§ Work order
Strip out all images, then restate the data verbatim.

Entries taken from a collection:
* * * *
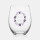 Purple & Silver Watercolor Floral Wreath Stemless Wine Glass
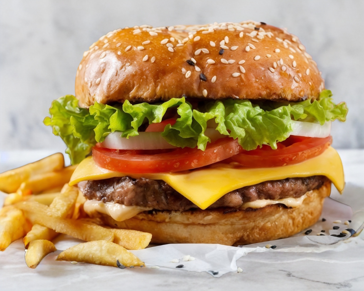 Carne de res, jamón, queso amarillo acompañado vegetales acompañado de papas a la francesa
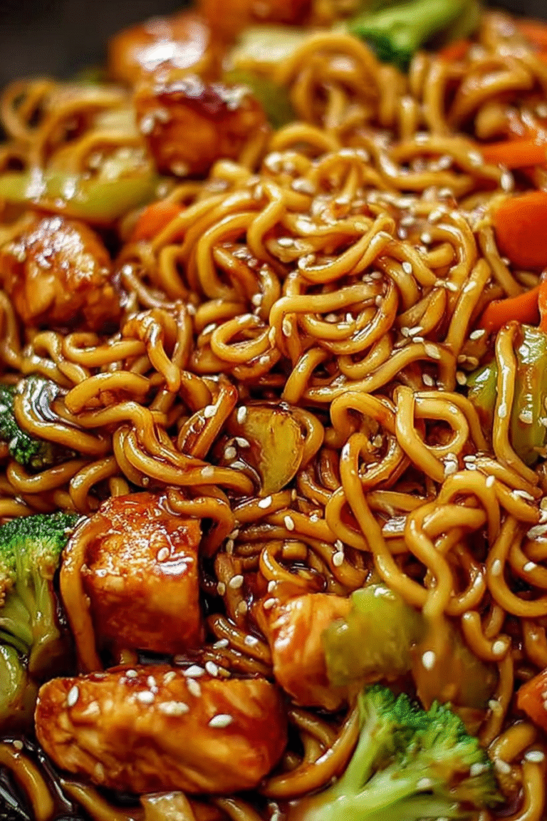 - Ein Augenschmaus: Die glänzenden Nudeln und das goldbraune Hähnchen machen dieses Gericht zu einem Hingucker.
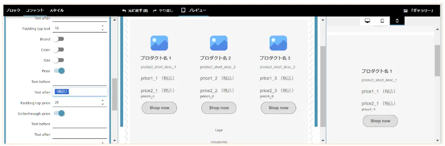 例えば、データベースの「price」を表示させる枠の前後に、「標準価格」や「(税込)」などを追加して、「標準価格 price(税込)」と表示させることが可能になるなど、より適切な表現に変更できるようになります。
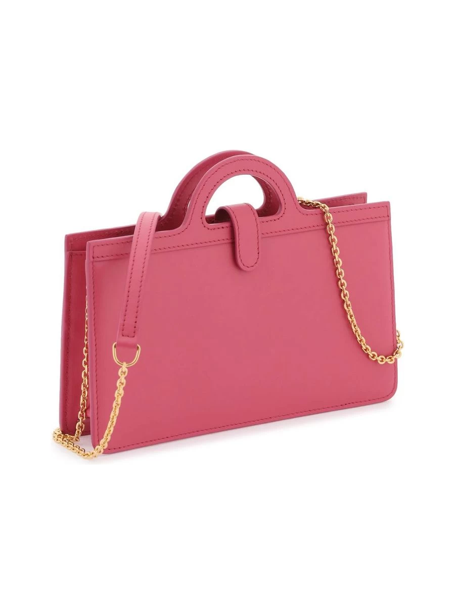 This chic mini crossbody bag features smooth leather craftsmanship with an elegant gold-tone logo detailing the back. The snap-summary closure opens to a leather and fabric interior equipped with card slots and a zippered compartment, making organization sleek and simple. A removable chain shoulder strap adorned with a leather shoulder rest adds a touch of sophisticated versatility ideal for any occasion.
* * * *
§ Output of the exercise
 Purple & Silver Watercolor Floral Wreath Stemless Wine Glass
 Carne de res, jamón, queso amarillo acompañado vegetales acompañado de papas a la francesa
 - Ein Augenschmaus: Die glänzenden Nudeln und das goldbraune Hähnchen machen dieses Gericht zu einem Hingucker.
 例えば、データベースの「price」を表示させる枠の前後に、「標準価格」や「(税込)」などを追加して、「標準価格 price(税込)」と表示させることが可能になるなど、より適切な表現に変更できるようになります。
 This chic mini crossbody bag features smooth leather craftsmanship with an elegant gold-tone logo detailing the back. The snap-summary closure opens to a leather and fabric interior equipped with card slots and a zippered compartment, making organization sleek and simple. A removable chain shoulder strap adorned with a leather shoulder rest adds a touch of sophisticated versatility ideal for any occasion.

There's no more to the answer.